Золушка, избавленная от своих проблем, свалила бы из дома задолго до бала во дворце. Начала бы потихоньку отстаивать свое мнение, разговаривать с отцом, строить отношения с мачехой, набралась бы храбрости знакомиться с незнакомцами – и первый же мимоезжий дворянин позвал бы ее под венец. Но сказка бы стала гораздо короче, и принцессы бы из Золушки не получилось.
Малышу можно помочь в его внутреннем одиночестве – но не возникнет Карлсон. Карабасу-Барабасу поработать над комплексом неполноценности по поводу отсутствия у него собственных детей – и не было бы у нас символа жадности и злости.
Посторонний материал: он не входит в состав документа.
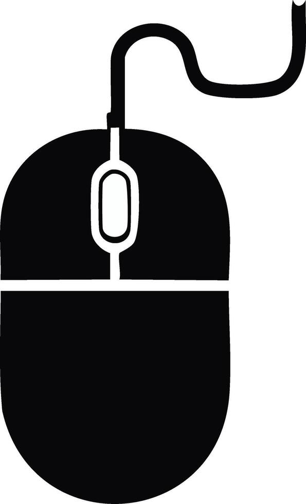 Computer Mouse Black and White Graphic, Wired Peripheral Device for Desktop Work Pro Vector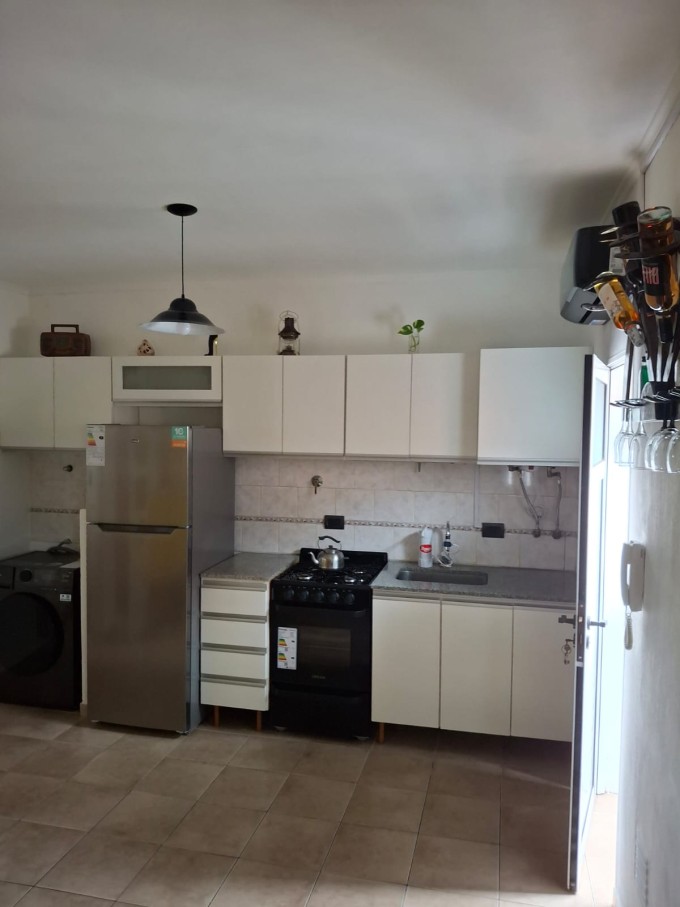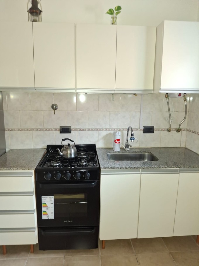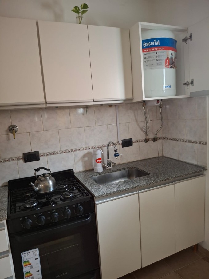 La propiedad cuenta con un ambiente amplio y luminoso, con sector de descanso y espacio para living/comedor. Posee cocina integrada totalmente equipada, con mobiliario completo bajo mesada y alacenas, artefacto de cocina y espacio para heladera.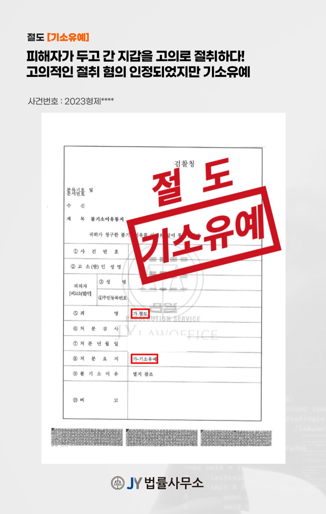 본 사건의 의뢰인은 피해자가 두고 간 지갑을 절취하여 '절도' 혐의가 적용되었으며, 이후 절차에 대해 법리적인 조언을 구하기 위해 본 JY법률사무소를 찾아주셨습니다.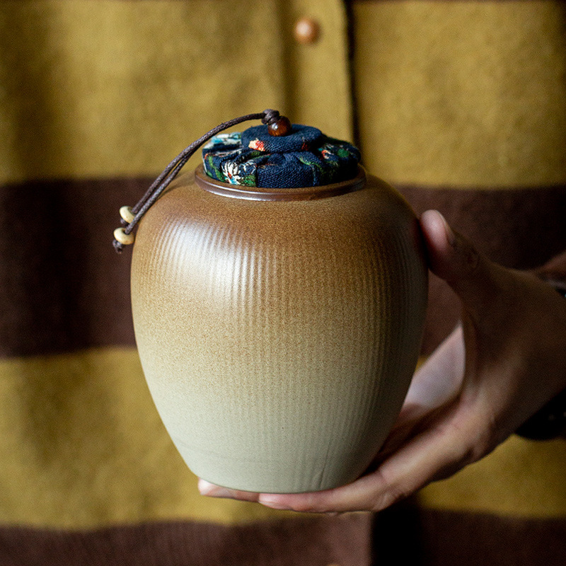 中国風レトロ陶器茶葉入れ、茶色釉薬仕上げ、オフィス用セラミック収納容器、家庭用大型紅茶・緑茶入れ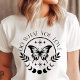 Inspire-se e inspire os outros com esta linda camiseta "Faça o que você ama" inspirada no estilo boho. Com um bold butterfly rodeado por luas crescentes, estrelas e detalhes folhados, este design encoraja você a seguir suas paixões. A paleta minimalista em preto e branco torna-a uma adição versátil a qualquer guarda-roupa, enquanto os elementos boho lhe dão um charme único e livre. Perfeita para o uso diário ou como uma declaração motivacional, esta camisa lembra você de perseguir o que ama e abraçar sua jornada. Adicione esta peça empoderadora à sua coleção hoje mesmo!

Не было бы символа кликушества — умной Эльзы (повышенная потребность в контроле, основанная на детских травмах в объектных отношениях), символа брошенных на произвол судьбы детей — Ганса и Гретель (некоторых книжных героев просто нужно научить предохраняться), не было бы даже символа дружбы, добрейшего кота Леопольда (нежелание брать на себя ответственность вкупе со страхом серьезных отношений). Ему бы кошку и котят, вот и прошла бы потребность дружить с едой.
(Остался бы только барон Мюнхгаузен. Честность всегда остается честностью, как ты ее ни лечи).
Жалко символы, слов нет. Но и не вылечить никак – пока займешься, глядишь, символ сменился, и перед тобой уже сидит совсем другой. Каждый из нас то одинок, как Маленький Принц, то несчастен, как юный Вертер, то мечтателен и задумчив, как Ассоль. Чтобы дойти до мачехи, нужно пройти через Золушку. А роль невозмутимого Каа дается только тем, кто хорошенько поучился выть с волками.
Человеку проще ориентироваться в пространстве, когда на каждом этапе развития стоит фигурка-указатель. Направо пойдешь – коня потеряешь, налево пойдешь – друзей потеряешь. А прямо пойдешь, потеряешь себя, выйдешь замуж за князя, поссоришься, разведешься, зайдешь в темный лес, углубишься в чащу, выпьешь полную чашу отравленного вина, выживешь, выздоровеешь, встанешь, выйдешь на улицу, посмотришь по сторонам – и подумаешь: какое счастье. Отсидел на печи свои тридцать лет и три года, а потом огляделся, встал, оделся и ушел. А печка – что печка. На ней всегда найдется, кому покататься.